Interestingly this gallery once had the pleasure of owning a similarly styled silver tea and coffee set with eagle head spouts as well as swan-shaped handles (illustrated in “Richard Redding Antiques, Antique Collection 1994”, 1993, p. 99). The latter, likewise dating from circa 1890, was retailed by the Parisian firm of Boin-Taburet, which had been founded in circa 1875 by Monsieur Taburet as senior partner and Georges Boin (b. 1845). The former was almost certainly Ferdinand-Emile Taburet whose daughter Marie Adèle Taburet married Georges Boin in 1873. Although the surnames of Ferdinand-Emile Taburet and Louis-Victor Tabouret (who ran Puiforcat) and that of his father are spelled slightly differently, one wonders if they were related. This would not be surprising given that intermarriages between one family of specialised artisans and another was very common. It would also explain the similarities between Boin-Tabouret’s tea and coffee service and the present one.
By the late nineteenth century Puiforcat had moved into the high end of the silversmithing trade, gaining particular renown for creating pieces inspired by past historical masterpieces often from within the company’s own collection. However, it was Louis-Victor and Laure Puiforcat’s son Jean Elisée Puiforcat (1897-1945) who was to establish the company within the realms of avant-garde modern silverwork during the first part of the twentieth century. Having initially trained in London at the Central School of Art, Jean Elisée Puiforcat then studied under the sculptor Louis Lejeune and joined his family’s firm after the First World War. Named as a master silversmith in 1920 and an undisputed leader of the Art Deco style he became a founding member of the Union des Artistes Modernes in 1929. With his passion for sculpture and design, he introduced a revolutionary formal language that advocated adapting form to suit function - which was also an aspect achieved by his predecessors. His clear-cut style, characterised by pure, architectural lines, notable simplicity and the marriage of solid silver with other precious materials such as exotic woods, semi-precious stones and shagreen, inspired by Art Deco, was to prove the founding stone for contemporary high-end silverwork.
Knowledge of a work of art’s former ownership is always a bonus and in this instance its provenance can be identified since the tray proudly bears the coat of arms belonging to the Kroyer-Kielberg family. More specifically they belong to Sir Ferdinand Michael Kroyer-Kielberg K.B.E. (1882-1958) who, born in Denmark, was granted these arms and crest by the London College of Arms on 16th January 1926, in which year he became a British citizen. Sir Ferdinand was a well-respected and important figure with a strong business acumen. As a successful industrialist he served as the chairman of United Molasses Co. Ltd, Athel Line Ltd and Tankers Ltd as well as chairman of Anchor Line Ltd. He was also a great philanthropist with a strong interest in the arts.

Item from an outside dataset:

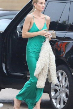 "Ангел" Victoria's Secret виглядала бездоганно у безпрограшному для романтичного вечора шовковому сукні-комбінації. Нотку пікантності в образ внесла відсутність бюстгальтера. Богемний look завершила шубка, босоніжки від популярного бренду Jacquemus і клатч.

When the set was first created Sir Ferdinand was only a child and thus had not made his fortune nor was it until 1926 that his coat of arms and crest were granted to him. Thus one has to conclude that Sir Ferdinand had the coat of arms engraved on the tray when he acquired the service during the early years of the twentieth century. Interestingly the Kroyer-Kielberg family coat of arms appear on a set of six silver-gilt coupes also made by Puiforcat which were sold by Sotheby’s on 13th May 1985, lot 134. Since the six are identical in design to the coupe in this service, it can be assumed that they too once belonged to Sir Ferdinand Michael Kroyer-Kielberg.
Ferdinand Michael Kroyer-Kielberg’s surname was derived from both his father and mother’s side of the family, his father being Olaf (or Orluf) August Kielberg (1842-1927) and his mother being Annesine Marie née Kroyer (1844-1923), though Sir Ferdinand then changed it to just Kroyer in 1939. He was born on 2nd January 1882 in Skanderborg, Denmark, where his father worked as the superintendent of an orphanage. Having trained as a merchant in Skanderborg, he then went to Copenhagen, where he studied at the Niels Brock Business School from 1902 to 1904. After working in Copenhagen for two years he then spent a short period as a correspondent in Leipzig after which he emigrated to England. There he began his career working in Liverpool for Marquis, Clayton & Co. a firm of merchants and produce brokers of which he was made a partner in 1909. In 1915 Kroyer-Kielberg founded the British Molasses Co. which in 1926 he merged with The United Molasses Co. Ltd - another of his own businesses. Thereafter he continued to expand his interests internationally, which in addition to sugar included shipping, electrical items, cement and other commodities so that when he retired immediately after the Second World War he held assets worth more than a billion Danish kroner. He was however extremely generous with his wealth and over the years gave substantial amounts to good causes. For instance, in 1926 he donated his own home in Liverpool to charity so that it could be converted into a home for sick children; he also gave £25,000 to the miners fund, £10,000 to the British Legion Appeal and made many other donations including those to the Niels Brock Business School, where he had been a former student, as well as offering financial support to a number of local schools and sporting clubs in England. Even before the Second World War he had supported the Danish Club as well as the Anglo Danish Society in London and as chairman of the latter worked tirelessly during the war to support the Free Denmark Movement. He also served as Danish Ambassador to the Court of St. James and was rewarded for his efforts by being made a Knight of the Danish Red Cross. Likewise, in 1947 was awarded the British Red Cross and was knighted.
In 1910, Kroyer-Kielberg married Dora Margaret, daughter of Thomas Corfe of Mayfield Liscard, Cheshire at nearby St Hilary’s Church Wallasey. They went on to have two daughters Joan (b. 1916) and Delmira (b. 1917) followed by two sons Peter Emil (b. 1919) and Michael (b. 1923). In addition to maintaining a London residence (including one in the Aldwych, later another at Brook House, Park Lane as well as Orchard Court, Portman Square where he died in 1958) and not long after he became a British citizen, Sir Ferdinand decided to build a new country home for his family at Stockgrove Park, Leighton Buzzard in Bedfordshire. There, close to site of a former residence, he and his wife commissioned the architect William Curtis Green to build a large Georgian style mansion, which was one of the largest country houses to be built between the wars. They also had the whole estate landscaped to include the enlargement of the lake; beside it they erected an ornamental seat, which at each end featured the same coat of arms as here. Sir Ferdinand’s great wealth allowed him and his wife to build up a very fine art collection, of which most of the paintings were from the modern school. Among them were works by the Impressionists Alfred Sisley and Camille Pissarro as well as those by the British School such as Walter Sickert, Augustus John (e.g. The Yellow Dress now in the Fitzwilliam Museum, Cambridge) and Augustus John (e.g. Still-Life with Anemones and Oranges now in the Art Gallery of New South Wales, Australia).